In diesem Sinne hat das Sachgebiet Wachstumsmodellierung/ Informatik eine integrierende Funktion innerhalb der Abteilung Waldwachstum. Es hilft bei der Eingabe, der Organisation und Auswertung der Versuchsdaten der anderen Sachgebiete und versucht, deren Ergebnisse in einen umfassenderen Kontext zu stellen. Die räumliche Auflösung der Modelle reicht von einzelnen Baumkompartimenten (z.B. Schaft) über den Baum, den Bestand bis zum Betrieb und zur Landschaft. Die wichtigsten zu modellierenden Prozesse sind Verjüngung,  Wachstum und Mortalität sowie die Dynamik der Schaftform und der Krone. Auf der betrieblichen und landschaftlichen Ebene sind insbesondere die Auswirkungen von waldbaulichen Strategien auf die Entwicklung von Nachhaltigkeitsindikatoren und Diversitätsmaßen von besonderem Interesse. Für eine stabile Baumartenwahl in Zeiten des Klimawandels werden Risiko- und Wachstumsänderungen standortsabhängig untersucht.
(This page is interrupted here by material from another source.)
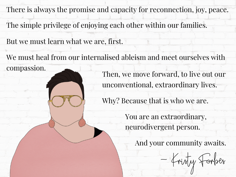Kristy understands the very real challenges neurodivergent people and their families face, and the often misunderstood and undermined position they are in.

Moderne Verfahren der Informatik sind notwendig, um große Datenmengen und um komplexe Modelle anwenden zu können. Das Arbeitsfeld reicht von der mobilen Datenerfassung, über Datenbanken bis zu der Erstellung komplexer Anwendungsprogramme und zur Verbreitung von Wissen über das Internet.

Drei Querschnittsaufgaben leistet das Sachgebiet für die ganze Versuchsanstalt:

  1. Die Koordination der Hard- und Softwarebeschaffung, die Beratung beim Einsatz von Soft- und Hardware, die Betreuung der Netze, die EDV-Schulung von Mitarbeitern der NW-FVA  und Programmierung spezieller Anwendungen. Dazu gehört auch der Einsatz und Test von Programmen aus dem Open Source Bereich, wie FreeBSD, Linux, Samba, Apache, MySQL, PostgreSQL, Java, NetBeans, R-Statistik, Typo3, Studip, Libre Office, Thunderbird, Firefox, etc. mit denen in den letzten Jahren überwiegend positive Erfahrungen gesammelt wurden und die zu einer erheblichen Kostenreduktion beigetragen haben.
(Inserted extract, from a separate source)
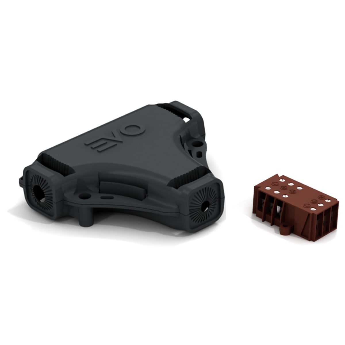 EVO ? la nuova gamma di giunti ad isolamento in gel che consente di realizzare giunzioni in linea e in derivazione con grado di protezione IP68 su un'ampia tipologia di cavi di energia impiegati nelle installazioni e nei cablaggi elettrici. Le inedite e brevettate sedi flessibili di alloggiamento dei cavi si adattano ai diversi diametri di cavo per i quali ciascun giunto ? progettato e, in combinazione alle caratteristiche isolanti del gel, consentono di ottenere il grado di protezione IP68 (in accordo alla Norma CEI EN 60529), ovvero la protezione contro l'ingresso di acqua e polvere senza l'utilizzo di pressacavi o di altri componenti aggiuntivi da preinfilare sui cavi. Alle tradizionali e collaudate morsettiere di tipo a vite si affiancano, nei modelli di maggiore utilizzo, le nuove morsettiere a molla, a due, tre e cinque poli.

  2. Die biometrische Beratung bei Versuchsanlagen, Inventurdesigns und statistischen Auswertungen sowie Schulungen der Wissenschaftler.
  3. Die Konzeption, Erstellung und Wartung von Web-Portalen und Web- Services, wie das Waldschutzmeldewesen, Erntezulassungsregister, Herkunftsempfehlungen und die Darstellung der Flächen zur Nationalen Waldstrategie.